Leeds & West Yorkshire

Boy, 14, dies after Kirkstall roof fall while 'exploring'

Mylo Johnstone Image copyright West Yorkshire Police
Image caption Mylo Johnstone was pronounced dead at the scene

A 14-year-old boy who died when he fell through the roof of a disused warehouse while "exploring" has been named.

Mylo Johnstone was with friends at the site off Wyther Lane, Kirkstall, Leeds on Thursday at 20:30 BST when he fell onto the building's concrete floor.

Paramedics gave emergency treatment but he died at the scene.

Two boys were seriously hurt in similar incidents in the city in recent weeks, prompting police to warn children against entering abandoned buildings.

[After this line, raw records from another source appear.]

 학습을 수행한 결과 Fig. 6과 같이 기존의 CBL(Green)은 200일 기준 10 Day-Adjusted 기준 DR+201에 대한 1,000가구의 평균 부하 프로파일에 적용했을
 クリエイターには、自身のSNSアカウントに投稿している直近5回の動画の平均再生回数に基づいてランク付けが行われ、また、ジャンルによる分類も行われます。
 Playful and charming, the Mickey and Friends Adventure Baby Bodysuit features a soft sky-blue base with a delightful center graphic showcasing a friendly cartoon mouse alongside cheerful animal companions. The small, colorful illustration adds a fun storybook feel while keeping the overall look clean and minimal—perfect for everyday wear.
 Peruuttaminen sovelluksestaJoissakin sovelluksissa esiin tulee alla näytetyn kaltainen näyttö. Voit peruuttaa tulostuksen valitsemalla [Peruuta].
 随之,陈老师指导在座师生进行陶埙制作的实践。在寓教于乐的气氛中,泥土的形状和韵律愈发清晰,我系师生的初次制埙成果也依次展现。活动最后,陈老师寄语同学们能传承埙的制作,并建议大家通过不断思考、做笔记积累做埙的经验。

Image caption The 14-year-old fell from a roof into the building below
Image caption Officers have carried out forensic examinations at the scene

Det Insp Phil Jackson, of West Yorkshire Police, said: "I think they were exploring and being mischievous, there was a group of 14-year-old boys and unfortunately Mylo Johnstone fell to his death.

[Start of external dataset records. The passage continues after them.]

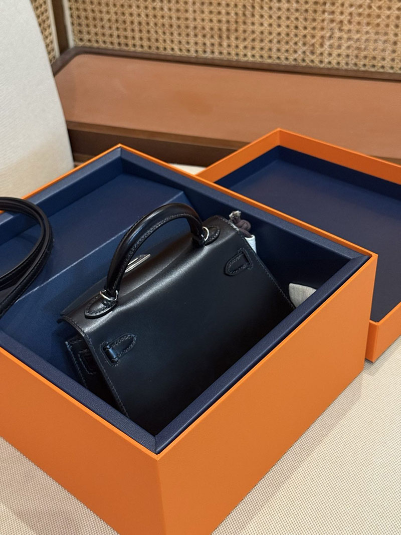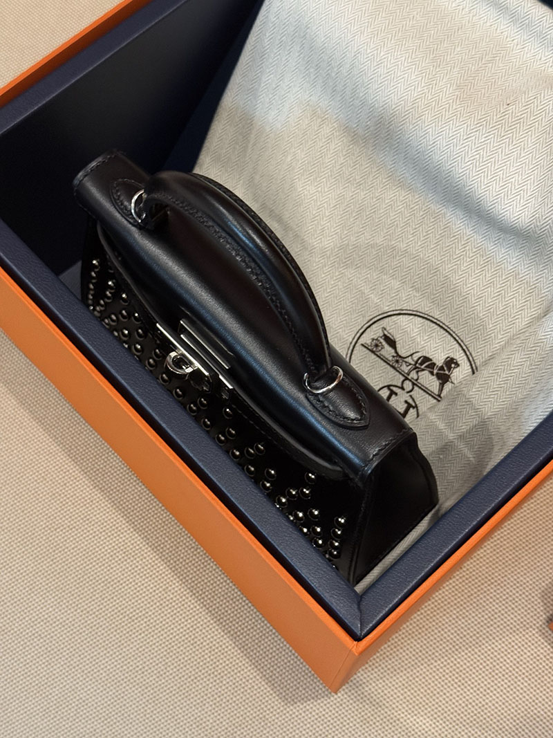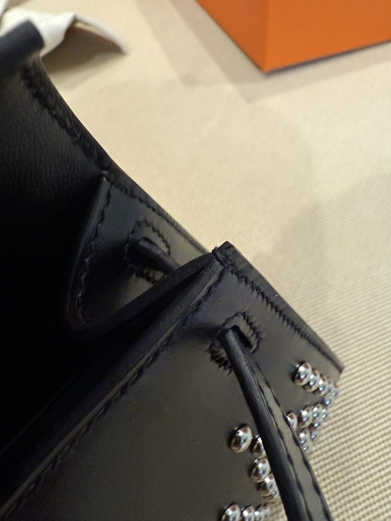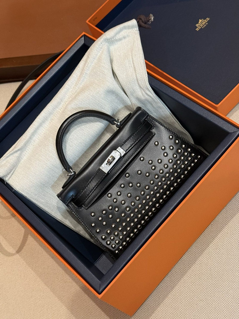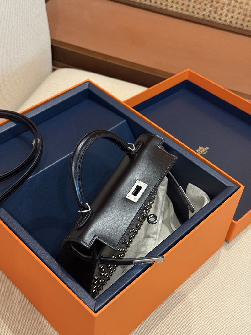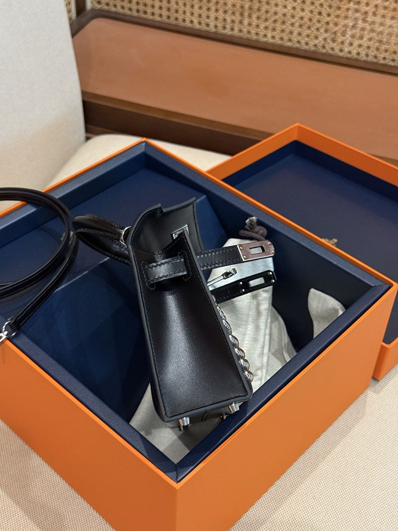 エルメスコピー ミニケリー 定価 HERMES ケリーミニ2 ミニドゥ 外縫い ブラック ボックスカーフ シルバー金具 2524079
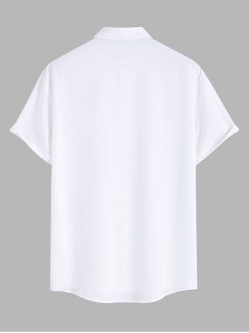 Plus Size Coconut Tree Sea Boat Bird Print Buttons Pocket Hawaii Shirt For Men - White - M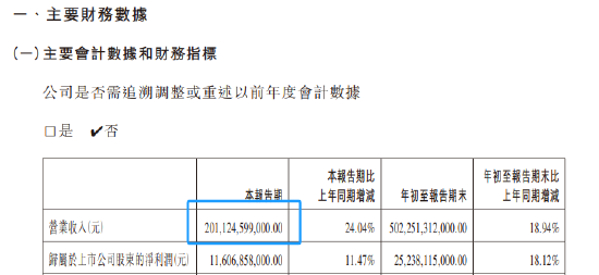 比亚迪股份今日公告,2024年第三季度公司实现营业收入2011.25亿元,同比增长24.04%;归属于上市公司股东的净利润为116.07亿元,同比增长11.47%;前三季营收5022.5亿元,上年同期为4222.75亿元。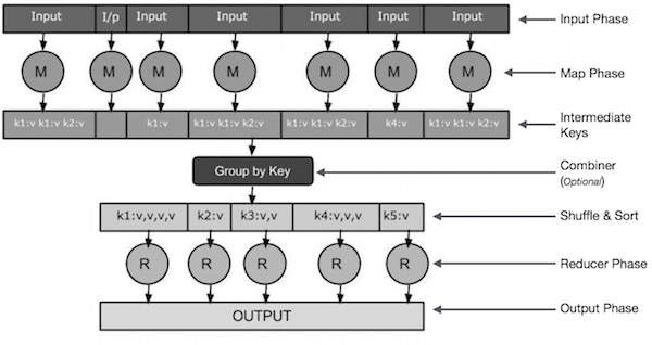 Input Phase − Here we have a Record Reader that translates each record in an input file and sends the parsed data to the mapper in the form of key-value pairs.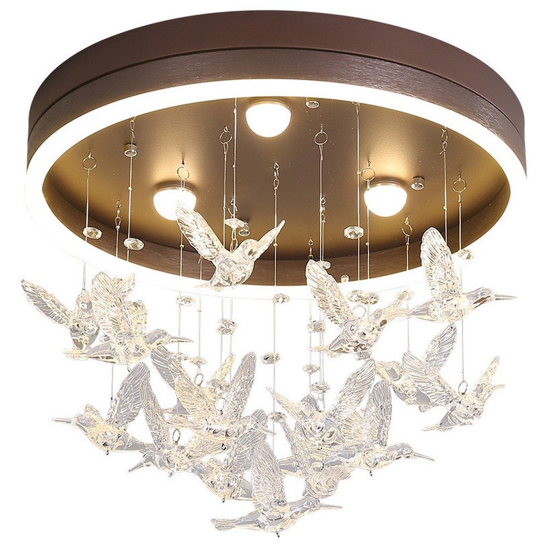 Crafted with meticulous attention to detail, the chandelier features a modern frame adorned with delicate golden bird figurines. The high-quality metal construction ensures durability and a luxurious appearance, while the golden birds add a whimsical and charming element to the design.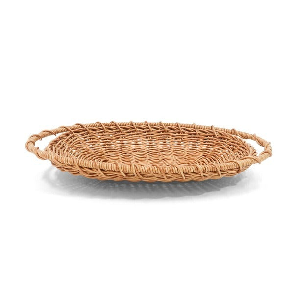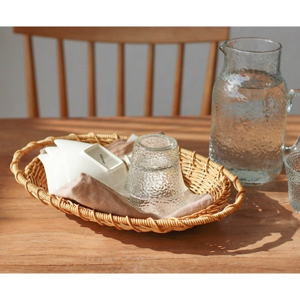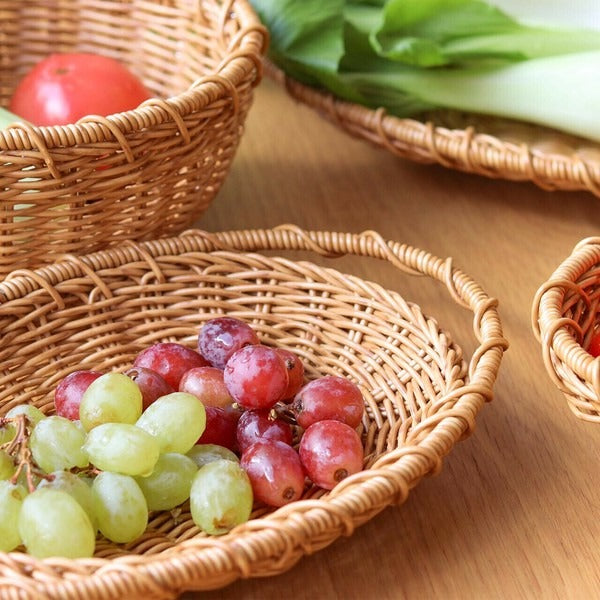 This oval-shaped colander basket features convenient handles for easy rinsing and carrying. Perfect for draining vegetables, fruits, or noodles—and serving them directly at the table. Made from durable woven resin, it’s free of splinters, combining safety with visual charm. Its natural, minimalist style blends seamlessly into any kitchen or dining setting, making it a practical yet beautiful companion for everyday use.

"While we are still carrying out inquiries into this incident, every indication is that this has been a tragedy with no suspicious circumstances."

Officers have carried out forensic examinations at the scene, with Leeds City Council and the Health and Safety Executive also involved in the investigation.

Tribute messages left at the gates outside the warehouse complex described Mylo as a "lovely lad" who would be "sorely missed".

Image copyright EPA
Image caption Police carried out forensic examinations at the site

On 20 June, a 12-year-old boy was injured at a disused factory in Modder Avenue, Armley. A 13-year-old boy was hurt at a derelict building in Ninelands Lane, Garforth, on 28 May.

"We are obviously coming up the school holidays and clearly there is potential for young people to be tempted to try to explore abandoned sites," Det Insp Jackson said.

"We would ask that they think very carefully about the dangers this involves, as has been starkly illustrated by these incidents, and that they consider the consequences that could have on their lives and the lives of their families."

He added: "I know they might be really interesting and intriguing to look through, but some of these buildings are death traps."